Дальний путь — канава торная.
Все через пень-колоду-кочку кувырком да поперек.
Топких мест ларцы янтарные
Да жемчуга болотные в сырой траве.
— Здравствуй, Мельник Ветер — Лютый Бес!
Ох, не иначе черти крутят твою карусель…
Цепкий глаз. Ладони скользкие.
— А ну-ка кыш! — ворье, заточки-розочки!
Что, крутят вас винты похмельные —
С утра пропитые кресты нательные?
…Жарко в комнатах натоплено.
Да мелко сыплется за ворот нехороший холодок.
— А принимай сто грамм разгонные!
У нас ковши бездонные
Да все кресты — козырные!
На мешках — собаки сонные
да бабы сытые
да мухи жирные.
А парни-то все рослые, плечистые.
Мундиры чистые. Погоны спороты.
Черный дым ползет из трубочек.
Смеется, прячется в густые бороды.
Ближе лампы. Ближе лица белые.
Да по всему видать — пропала моя голова!
Ох, потянуло, понесло, свело, смело меня
На камни жесткие, да прямо в жернова!
Тесно, братцы. Ломит-давит грудь.
Да отпустили б вы меня. Уже потешились…
Тесно, братцы… Не могу терпеть!
Да неужели не умеем мы по-доброму?
…На щеках — роса рассветная.
Да черной гарью тянет по сырой земле.
Где зерно мое? Где мельница?
Сгорело к черту все. И мыши греются в золе.

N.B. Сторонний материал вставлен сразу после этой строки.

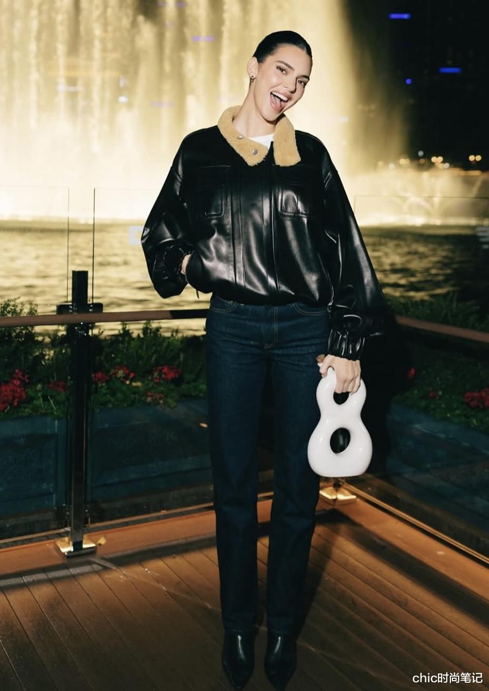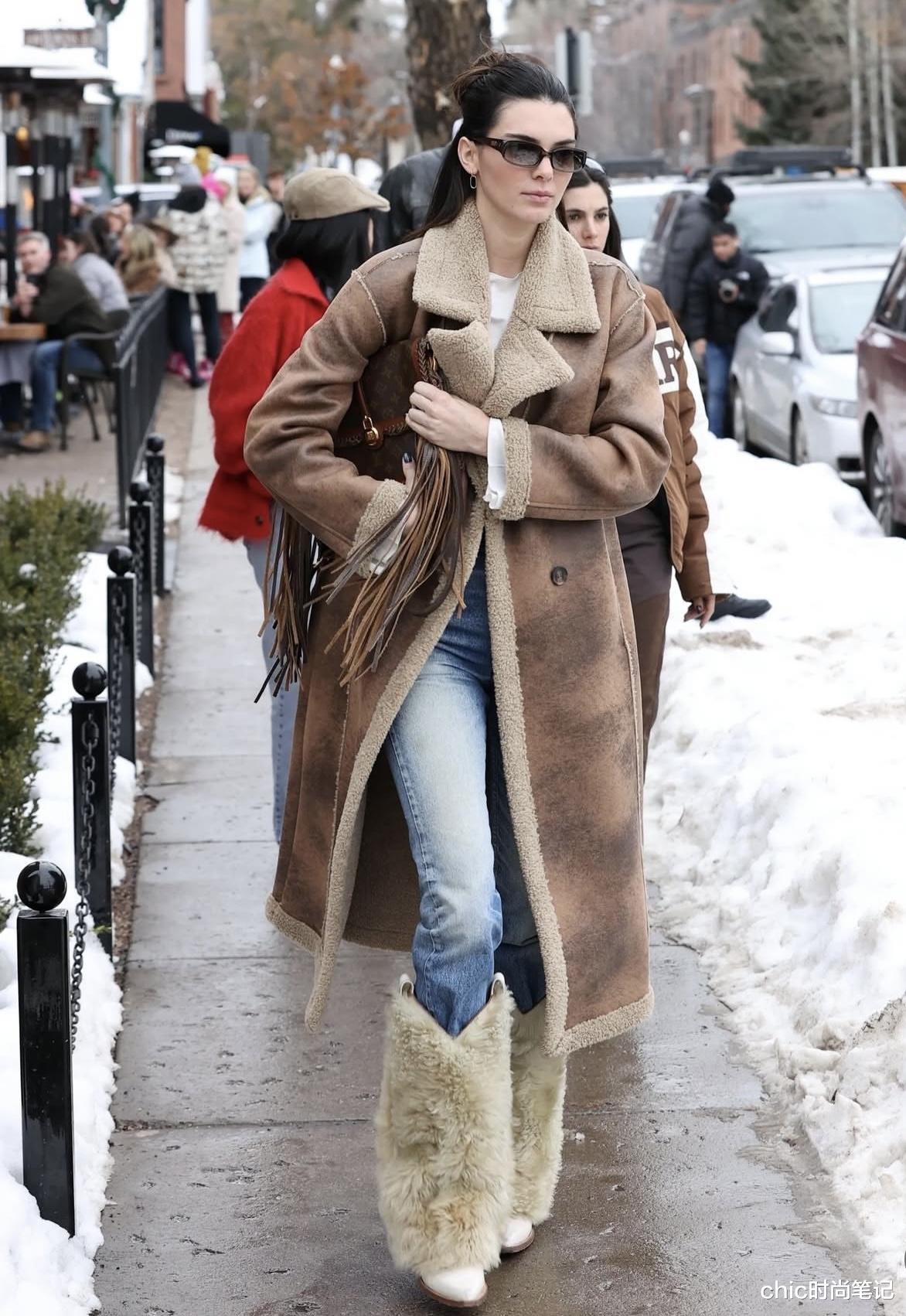 棕色皮毛一体长款外套看着就很暖和,Kendall又有身高的加持,穿上后到小腿的位置,松弛感满满,搭配做旧款牛仔裤和毛绒雪地靴,冬日氛围感get。

Пуст карман. Да за подкладкою
Найду я три своих последних зернышка.
Брошу в землю, брошу в борозду —
К полудню срежу три высоких колоса.
Разотру зерно ладонями
да разведу огонь
да испеку хлеба.
Преломлю хлеба румяные
да накормлю я всех
тех, кто придет сюда,
тех, кто придет сюда,
тех, кто поможет мне,
тех, кто поможет мне
рассеять черный дым,
рассеять черный дым,
рассеять черный дым…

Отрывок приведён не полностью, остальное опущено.